Prime Minister Mark Carney has announced that Canada will keep troops in Latvia through to 2029, as part of a mission to deter Russian aggression in Europe that has given Ottawa an outsized role in the transatlantic alliance.
“We must deter and fortify. And that is the way that we can provide true reassurance,” Carney said at a Tuesday news conference in Riga, flanked by Latvian Prime Minister Evika Silina.
Carney’s office says there are now 2,000 Canadian Armed Forces troops in Latvia as part of Operation Reassurance, which is Canada’s largest overseas mission. Canadian troops have been there since 2017 to strengthen the defence of Europe’s eastern flank and to deter Russian from invading Baltic countries, through what many call a “trip wire.”

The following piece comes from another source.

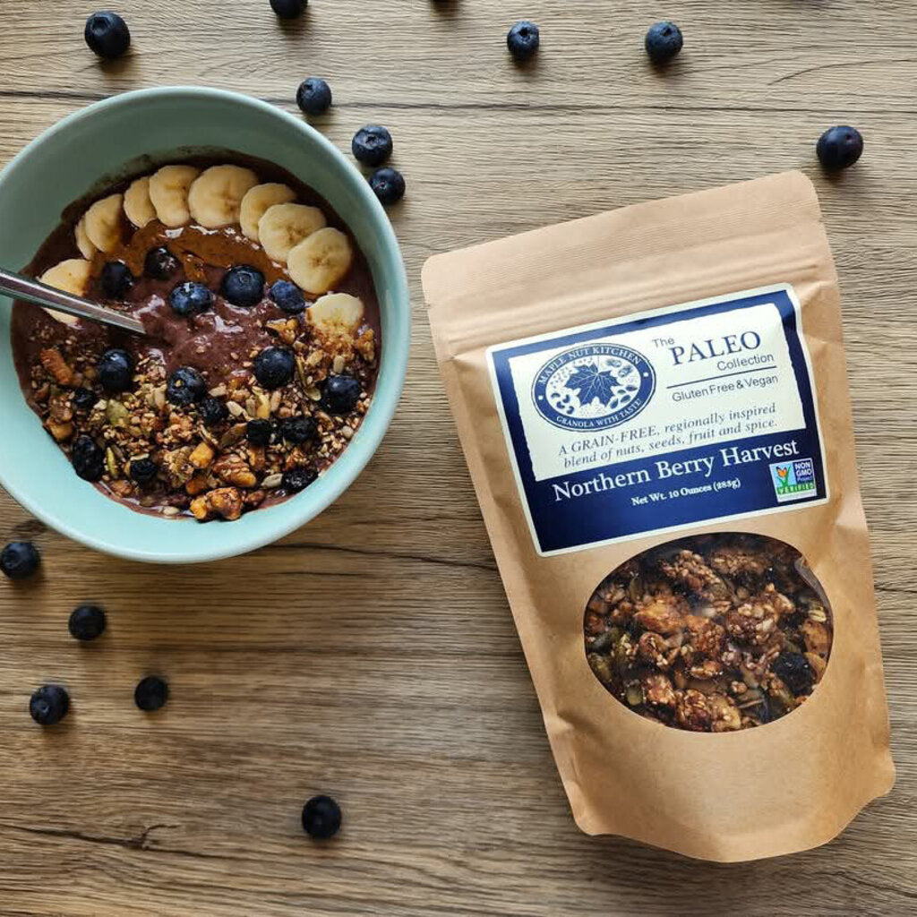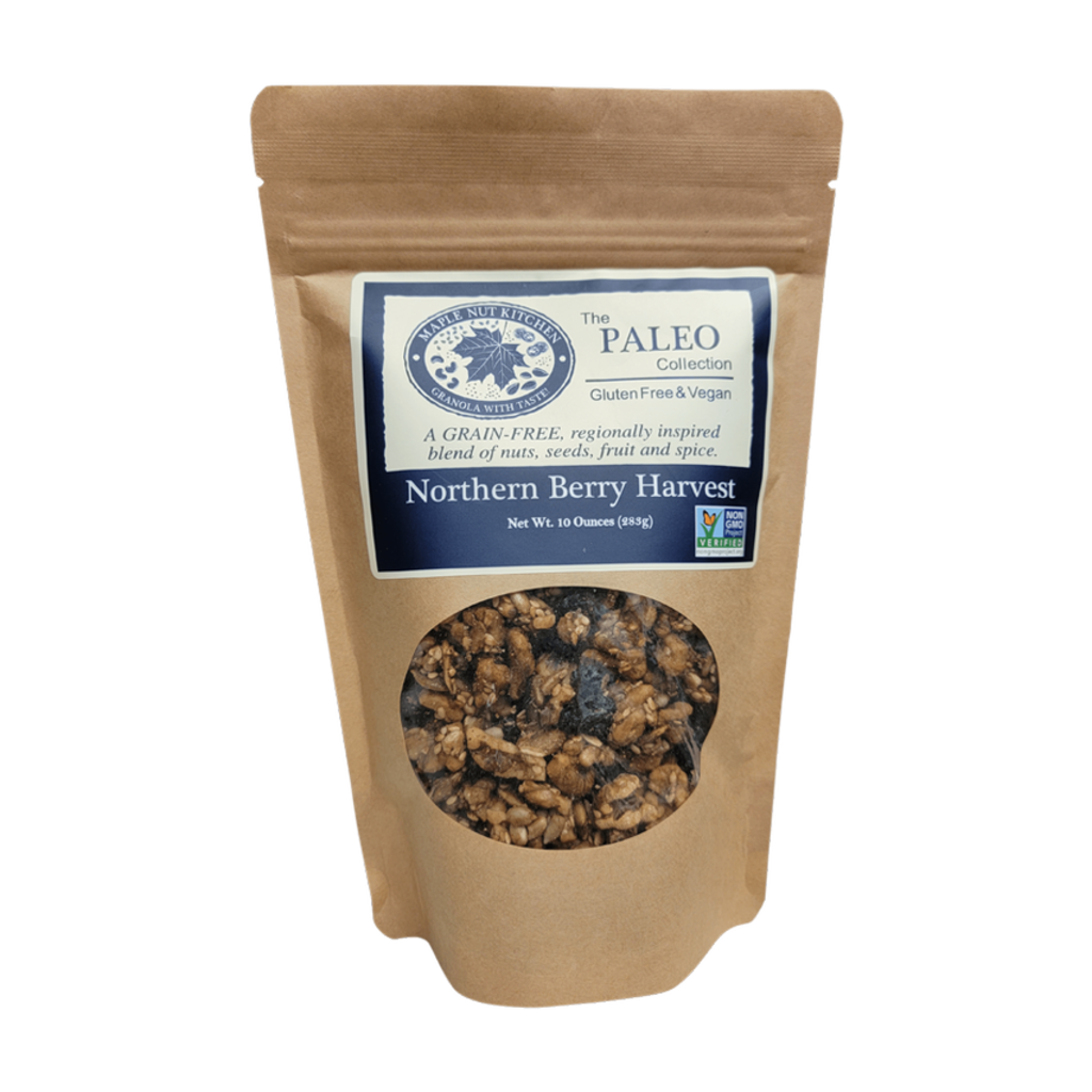 Northern Berry Harvest Granola from our Paleo Collection is a hearty and satisfying mix of scrumptious blueberries, walnuts, and seeds. With an enticing twist of vanilla and maple, it has been described by many as being truly mouthwatering! Pop it in your bag for when you’re hitting the trails, or eat it as cereal with some delicious almond milk. Weight - 10 Oz

The current authority for the mission ends in March 2026, but Carney says he plans to extend that by another three years.
“We will in the process increase the brigade’s capabilities here in Latvia, reinforce our collective defence, strengthen our co-operative security, and keep the NATO presence strong,” Carney said.
Canada is co-ordinating the role of soldiers from roughly 10 countries in Latvia, to shore up the country’s defences and to train Latvian soldiers, according to Carleton University professor Stephen Saideman.
“We’re punching above our weight,” he said in an interview. “We’re basically being treated by the rest of NATO as equal to the U.K. and Germany,” who are co-ordinating similar multinational brigades in Estonia and Lithuania respectively.
Ottawa aims to have a full cadre of 2,200 persistently deployed Canadian troops in Latvia sometime in 2026, and has been building new infrastructure at the Adazi base near Riga in the past two years to make up for overcrowding.